Rifiutato da mamma asina, Astro compie il suo primo mese di vita con una famiglia molto speciale




Nessuno ci avrebbe mai creduto. E intanto ha già compiuto il suo primo mese di vita. Il 24 dicembre, sulle alture di Genova, non è nato Gesù bambino ma un asinello.


È stato battezzato con il nome di Astro per la luce che emana. Non si tratta di un puledro qualunque, ma di un puledro rifiutato, un non amato.
Succede agli umani e a quanto pare anche agli animali: mamma asina, per motivi occulti, forse a causa di un parto difficoltoso e doloroso, ha deciso di non occuparsene. Lo respinge scalciando con tutta la sua forza, raglia e si rifiuta di accudire il suo piccolo. Così, per il bene della mamma e del puledro, sono stati prontamente separati.







Astro ha subito trovato una casa amorevole e due cuori grandi, oltre a un divano: quelli di Donatella e Mattia, i suoi amici umani.
La coppia, subito dopo il parto, ha tentato di riavvicinare Astro alla madre, ma la loro relazione sembrava essere irreversibilmente compromessa.
Mamma asina con tutte le sue energie ha detto di no! Non voleva o forse poteva occuparsi del suo puledro.
Astro è stato trasferito in casa, anche perché le temperature erano veramente proibitive per la sua salute da neo-nato.

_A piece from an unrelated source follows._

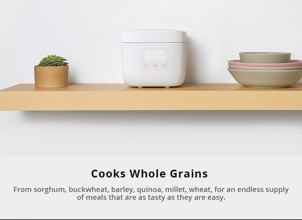 | Elegant and Minimalistic Design Seperti filisofi desain produk Xiaomi lainnya, MiJia Rice Cooker dibalut dengan bodi plastik berwarna putih dengan lengkungan di setiap sudutnya. Hal ini membuatnya terlihat minimalis tanpa menghilangkan kesan elegan. Secara desain tentu tak kalah menarik dari brand ternama seperti Yongma dan Philips,

I veterinari sono stati chiari e anche lapidari. Hanno detto, di concerto, che il puledro non sarebbe mai sopravvissuto senza il colostro e il latte della madre, ma Donatella, Mattia e Astro si sono stretti nella morsa di un unico abbraccio e non hanno mai mollato.
Il piccolo è un guerriero, sembra non risentire della separazione dalla madre e affronta tutto con un entusiasmo e un coraggio da diventare un esempio per tutti.
Viene allattato ogni due ore con latte in polvere per puledri arricchito di vitamine e tanta cura. Dopo il catastrofico parto, mamma asina è stata munta per dare al piccolo almeno il colostro. E anche lei, pian piano, sta recuperando il suo equilibrio e il suo benessere.





Turni, amore e fantasia
Astro ha bisogno di tutto: biberon, cappottino e passeggiate in giardino per i bisogni. Il tutto ogni due ore: di giorno e di notte.
I bisogni sono un lavoro estenuante: dopo ogni abbondante poppata, il piccolo Astro deve fare la pipì.
Gli viene messo il cappottino, perché da quelle parti c’è molto freddo - lui è piccolo e con le difese immunitarie sicuramente più fragili di un puledro allattato dalla madre -, viene portato fuori, tra i boschi di casa e poi riportato subito al caldo, dentro casa.
Per fortuna sul pavimento di casa scivola quando allarga le zampe per tentare di fare la pipì, così preferisce il terreno. L’eventuale allagamento dei pavimenti di casa è momentaneamente scongiurato.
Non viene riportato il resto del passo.